В этом вопросе было нечто большее, чем любопытство. В нем была попытка найти ответы на вопросы, которые, пусть и несформированные, но крутились у него в голове.
– Она? – переспросил Сагитай.
– Она.
Сагитай вздохнул.
– Красивая… она… она… женщина. Она говорила со мной. Я ей поверил… Она совсем не похожа на нас с тобой.
– Как это?
– Снаружи она, конечно, как человек, даже лучше, – Сагитай хмыкнул. – Нет, правда, она красивая, мне тогда она понравилась больше, чем было нужно. Я после думал о ней, пытался понять ее… Она говорит то, во что верит. Открытая, свободная, с такой перестаешь сомневаться во всем… Даже не так, с ней начинаешь верить во что-то новое, во что-то, что можно почувствовать во всем, в какой-то другой смысл происходящего. Она такая… такая… – Сагитай запутался в своих ощущениях. – Вот мы с тобой, два солдата, мы как два оловянных солдата. Да любого возьми, хоть кого, любого человека. Каждый воспитан или нет, но он отлит в форму. В какую-то форму. Понимаешь? Вот Док, он ученый, у него свои правила, вот сталкеры, мужики, тоже отдельная порода. Городские, они все одинаковые примерно, прикрыты своей мишурой, и не разглядеть под ней, хороший человек или не человек вовсе, а так… А у нее нет формы, она не похожа ни на кого. Мне кажется, она всю жизнь не была ни на кого похожа. Всю жизнь сама по себе, своей дорогой. Это представляешь сколько нужно девчонке сил, чтобы самой, по своему усмотрению и понимаю жить? Это же как надо верить в… – Сагитай замялся.

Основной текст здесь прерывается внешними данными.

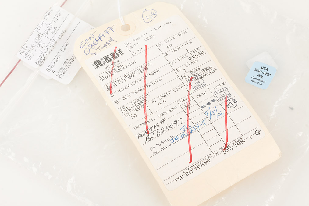 AF Nikkor in near mint condition, NASA numbers P/N SED33104548-301 S/N 1003 with inventory stickers and flight records, flew on STS-66 Space Shuttle Atlantis Mission on November 3rd 1994, STS-76 Space Shuttle Atlantis Mission on March 22nd 1996 and on STS-86 Space Shuttle Atlantis Mission on September 26th 1997, caps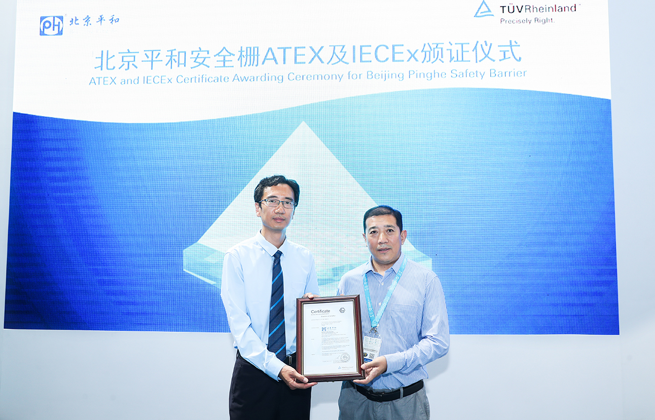 展會(huì)期間,國際獨(dú)立第三方檢測、檢驗(yàn)和認(rèn)證機(jī)構(gòu)德國TÜV萊茵為北京平和的安全柵產(chǎn)品頒發(fā)了ATEX和IECEx證書。北京平和總經(jīng)理招林森、TÜV萊茵大中華區(qū)工業(yè)服務(wù)與信息安全總經(jīng)理張小龍出席了頒證儀式。
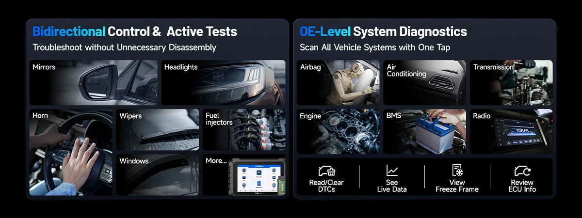 Active Test & Bi-directional control:one lite supports over bi-directional control functions, Send precise commands to multiple systems and components to check their working status. Achieve fast, accurate diagnostics and take control like never before.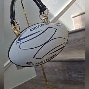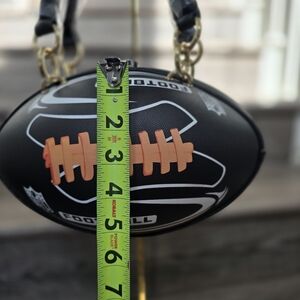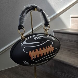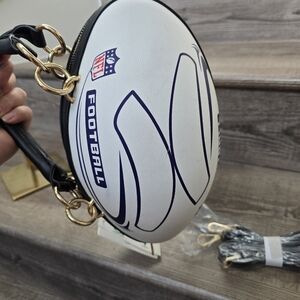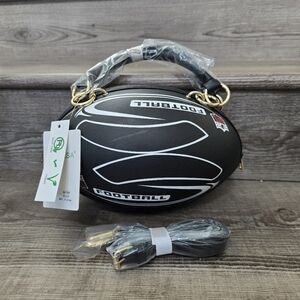 Stylish football-themed handbag for women. Features a unique design with black and white colors. Perfect for sports enthusiasts.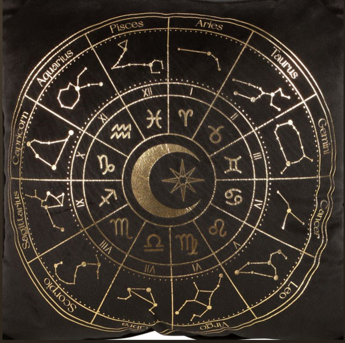 35cm Square Black Astrology Wheel Cushion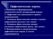Орфоэпические нормы 1.Особенности формирования произносительной литературной нормы. 2.

– Во что? – приоткрыв рот, спросил Яков, увлеченный рассказом.
– Не знаю… Не знаю, во что она верила, но ведь она единственный человек, кто был готов к тому, что происходит. Кто-то верит в одного бога, кто-то в другого, а она в свое. Получается, что и ее бог существует, – решился сказать Сагитай.
– Так получается, что это правда? То, что она говорила, ну то, что ты рассказывал потом.
– Я ей поверил. Может, она и ужасная, но я этого не увидел. Конечно, она и ей подобные убивают, но они жили на свалках и почти никого не трогали, к ним приходили добровольно. Они даже сражались за нас. Даже Лука. Некоторые подростки выбирали ее сторону. Они верили ей. У них своя религия… Как они пришли к ней, к этой своей религии? Мы, те кто старше, мы как динозавры, у нас есть свой шаблон, по которому мы думаем и работаем. Эта наша форма, или отливка, или наше мышление, это все не позволяет думать нам так, как думают те, кто еще имеет свой образ мышления. Дети и некоторые подростки. Мы не слушаем их, не понимаем, мы не хотим думать другими категориями, но какая-то девочка знала о своем предназначении с ранних лет, и она оказалась права… Как это возможно?